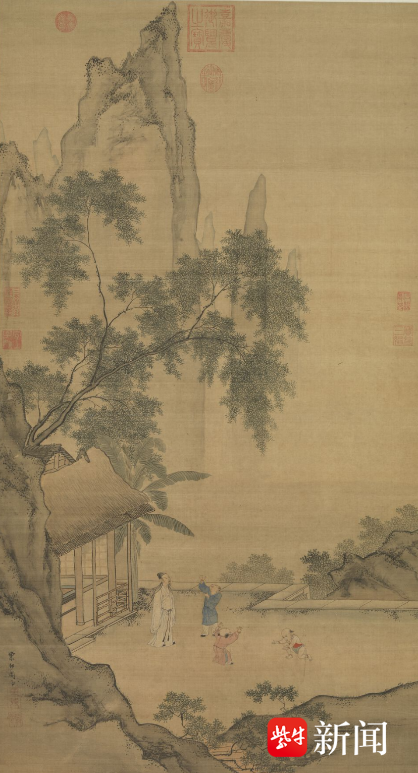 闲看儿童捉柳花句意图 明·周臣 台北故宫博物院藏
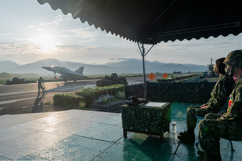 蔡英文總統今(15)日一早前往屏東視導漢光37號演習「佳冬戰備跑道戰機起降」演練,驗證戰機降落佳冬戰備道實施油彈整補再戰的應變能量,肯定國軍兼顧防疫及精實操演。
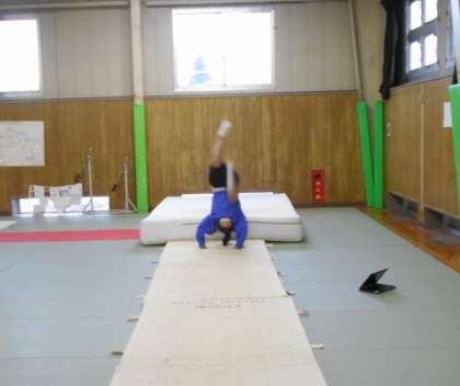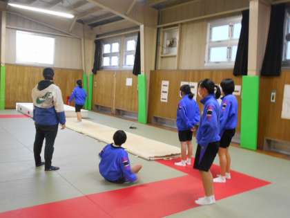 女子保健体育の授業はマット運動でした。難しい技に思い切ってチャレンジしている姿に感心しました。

==

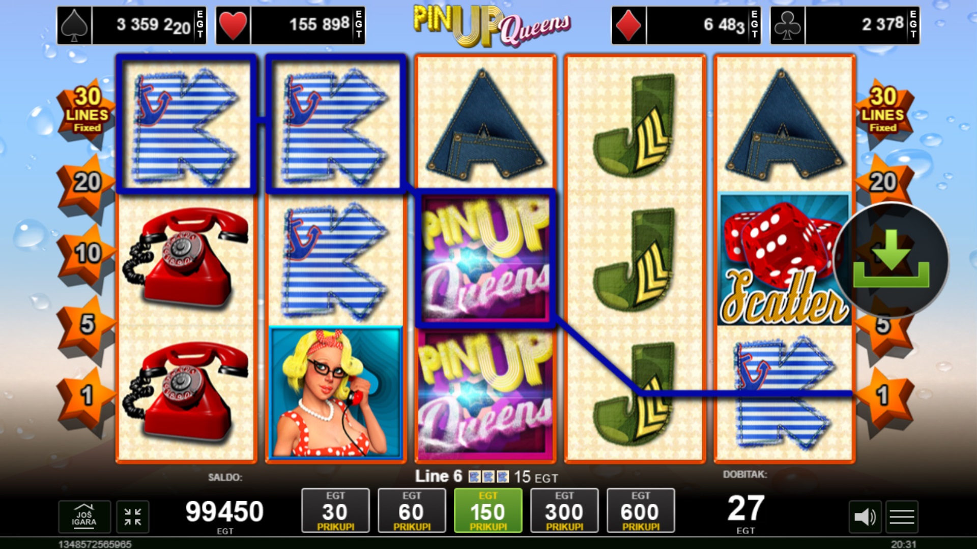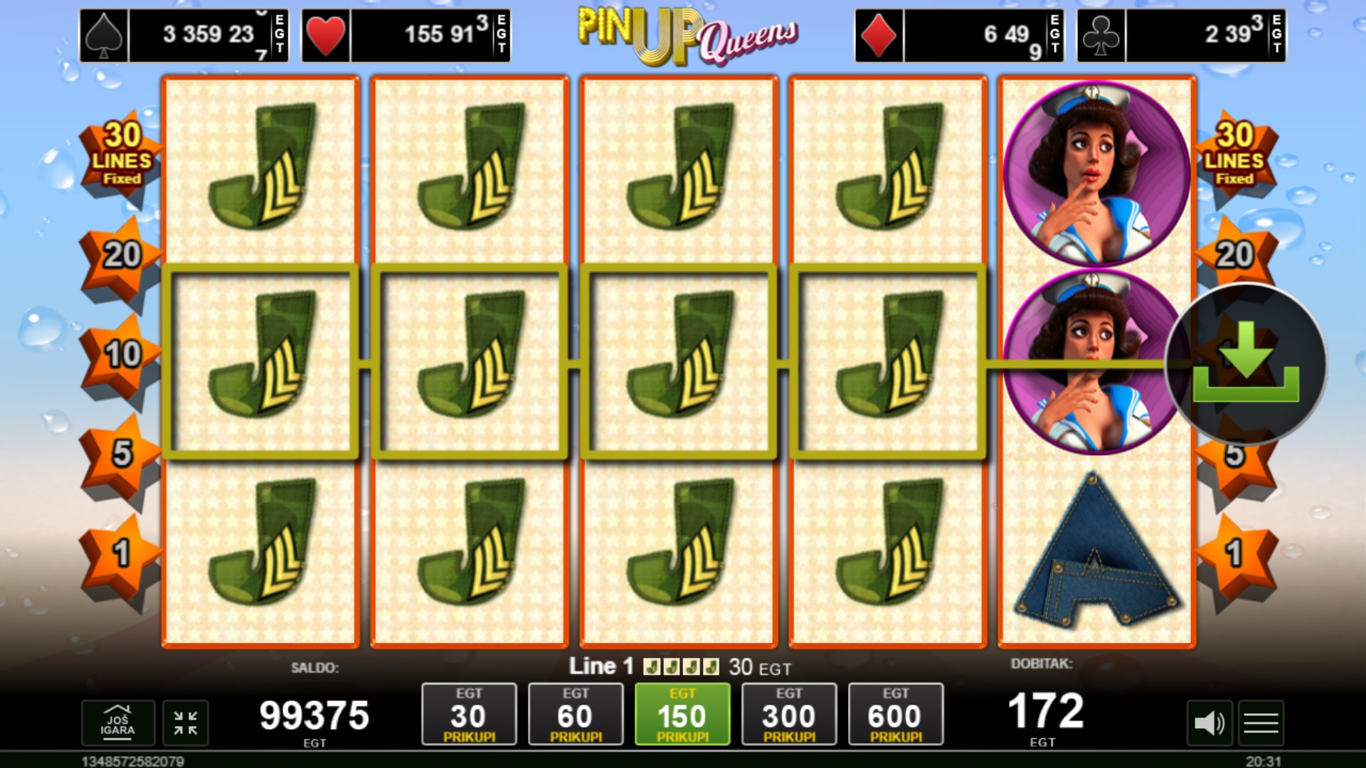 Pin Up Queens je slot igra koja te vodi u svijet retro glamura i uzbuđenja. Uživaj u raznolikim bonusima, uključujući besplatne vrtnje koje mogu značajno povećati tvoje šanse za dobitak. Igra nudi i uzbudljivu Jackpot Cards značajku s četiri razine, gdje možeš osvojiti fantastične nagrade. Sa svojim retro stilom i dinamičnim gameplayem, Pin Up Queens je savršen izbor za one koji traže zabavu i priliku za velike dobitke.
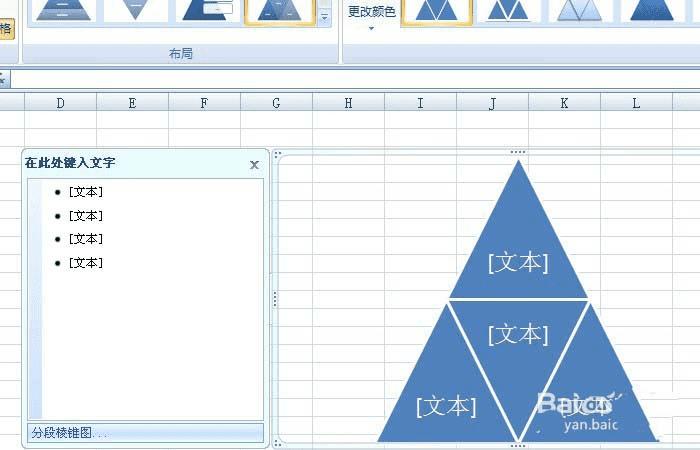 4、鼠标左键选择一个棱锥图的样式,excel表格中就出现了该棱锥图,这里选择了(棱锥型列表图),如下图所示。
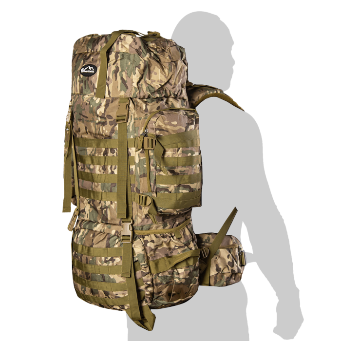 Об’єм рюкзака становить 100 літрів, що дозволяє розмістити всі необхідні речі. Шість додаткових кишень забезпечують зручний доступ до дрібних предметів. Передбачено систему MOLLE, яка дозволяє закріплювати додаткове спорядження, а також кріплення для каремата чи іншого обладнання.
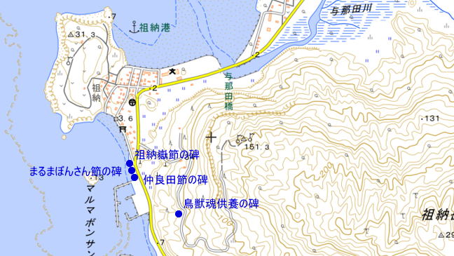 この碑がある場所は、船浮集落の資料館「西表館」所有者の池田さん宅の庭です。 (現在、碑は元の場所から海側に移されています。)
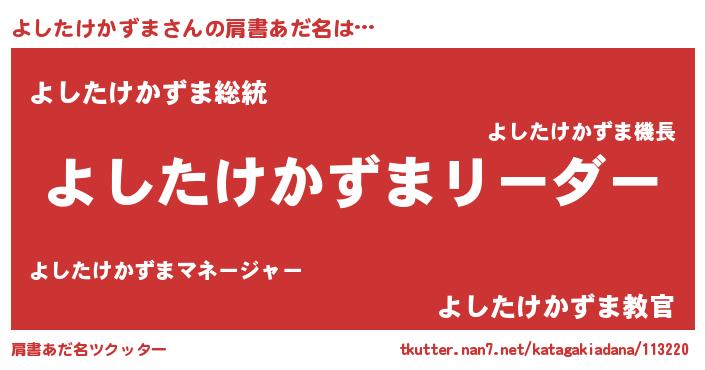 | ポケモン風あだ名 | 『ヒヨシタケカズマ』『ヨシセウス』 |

Exercise brief:
Once the line with "闲看儿童捉柳花句意图 明·周臣 台北故宫博物院藏" is found above, print it and every line after it through the line with "女子保健体育の授業はマット運", exactly. Pictures stay out.

Your solution:
 闲看儿童捉柳花句意图 明·周臣 台北故宫博物院藏
 蔡英文總統今(15)日一早前往屏東視導漢光37號演習「佳冬戰備跑道戰機起降」演練,驗證戰機降落佳冬戰備道實施油彈整補再戰的應變能量,肯定國軍兼顧防疫及精實操演。
 女子保健体育の授業はマット運動でした。難しい技に思い切ってチャレンジしている姿に感心しました。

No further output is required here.